Because he was assuming I was talking about Britain, dipshit


----------



## Bungle (Jun 5, 2013)

Chatty said:


> Who do you think will do better numbers fighting Floyd than Khan which can realistically happen (so take Pacquaio, Marquez, Bradley and any other Top Rank boxer out as well as anyone Floyd has fought).
> 
> Your list is Garcia, Broner/Maidana, Thurman, Trout/Lara, Molina if eh beats Ortiz, Alexander/Porter, Brook. The onlt one there that has a chance of outselling Khan is broner and they are both heyman fighters so it aint gonna happen anytime soon - especially as they are hoping to turn Broner into a cash cow.
> 
> Don't quote Golovkin or Martinez - those fights aren't going to happen.


Garcia would I think.


----------



## BoltonTerrier (Jun 12, 2013)

http://www.thesun.co.uk/sol/homepage/sport/boxing/5256779/Floyd-Mayweather-v-Amir-Khan-date-set.html


----------



## One to watch (Jun 5, 2013)

- DC - said:


> Amir Khan is huge in the US to. Massive. People tune in to see him get beat all over the world, people want to see the chicken dance. He is always involved in entertaining fights, its his vulnerability that people tune in for. Believe you me, man, people know who Amir Khan is all over the world.
> 
> If you go to some lost tribe in the Amazon rainforest, people that have never had contact with the outside world and ask them about Amir Khan they say: "Uggabugga? Ahhhh the great one! Amir Khan! God of the chicken dance! Our ancient ancestors tell us much about this king Amir Khan, the legend of half man/half chicken" then all the kids start cracking one another on the chin to start the chicken dance around the fire.
> 
> ...


The best post I've probaly ever seen from you.


----------



## TeddyL (Oct 5, 2013)

BoltonTerrier said:


> http://www.thesun.co.uk/sol/homepage/sport/boxing/5256779/Floyd-Mayweather-v-Amir-Khan-date-set.html


You have to at least give Team Khan points for persistence. There is only so many more 'exclusives' you can give when you've about used every journalist in Britain.
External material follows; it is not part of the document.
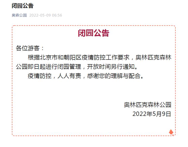 “奧森公園”微信公眾號(hào)9日發(fā)布閉園公告,根據(jù)北京市和朝陽區(qū)疫情防控工作要求,奧林匹克森林公園即日起進(jìn)行閉園管理,開放時(shí)間另行通知。
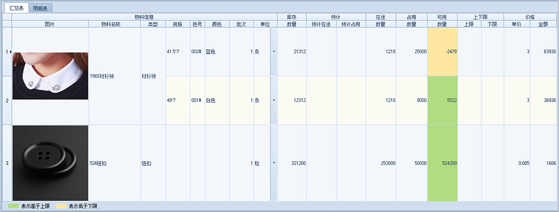 一张表体现各物料的所有情况:库存、预计在途、预计占用、在途、占用、可用、上限、下限。

This is outstanding though. Floyd Mayweather to fight on Cino De Mayo weekend, they must have had to be very careful to prevent any leaks to ensure they would be first to run that.


----------



## - DC - (Jun 7, 2013)

One to watch said:


> The best post I've probaly ever seen from you.


You aint looking hard enough.

I am the innovator on here. All this crap going on now about it being fashionable for people to bash Carl Froch and people jumping on the bandwagon? Then you have all the Froch fans moaning about those people.

I was saying it how it is and getting heat for it years ago. The rise and fall of Carl Froch. Remember the "Is Carl Froch overrated" thread? I was banging this drum from time ago on ESB, now people are jumping on board and finally seeing the light. Not realizing that at one time they was the ones giving the heat....are now agreeing with the poster they hate the most.

Its amazing.


----------



## SouthpawSlayer (Jun 13, 2012)

mayweather knows the UK PPV money will bring his salary up to a level where he deems it ok to fight khan, in the end it will be a low payday for him but a very easy fight so that's his reasoning I guess, all we are gonna hear from know until the fight is about khans hand speed


----------



## Joaquín Guzmán (May 8, 2013)

TeddyL said:


> This is outstanding though. Floyd Mayweather to fight on Cino De Mayo weekend, they must have had to be very careful to prevent any leaks to ensure they would be first to run that.


:lol:


----------



## boxingchamp (Oct 9, 2013)

SouthpawSlayer said:


> mayweather knows the UK PPV money will bring his salary up to a level where he deems it ok to fight khan, in the end it will be a low payday for him but a very easy fight so that's his reasoning I guess, all we are gonna hear from know until the fight is about khans hand speed


Mayweather is going to make a career high $48 Million with Khan making $15 Million + the UK PPV money according to newspapers in the UK. I think this fight will be hyped to crazy levels, and be dubbed as a superfight.


----------



## Lazarus (Jun 2, 2012)

TeddyL said:


> Because he was assuming I was talking about Britain, dipshit


Oh really? Because he sure didn't say he was, dipshit. Take your dumb agenda somewhere else you clueless vegetable.


----------



## Put-Em-Up (Nov 5, 2013)

mishima said:


> Any chance the fight will be in the UK? I remember the media buzz when an over-the-hill Barrera came to fight Khan


That was a travesty right there. What they did to Barrera proved how boxing will fuck you regardless of who you are! When it comes to milking the next cash cow no one is off limits.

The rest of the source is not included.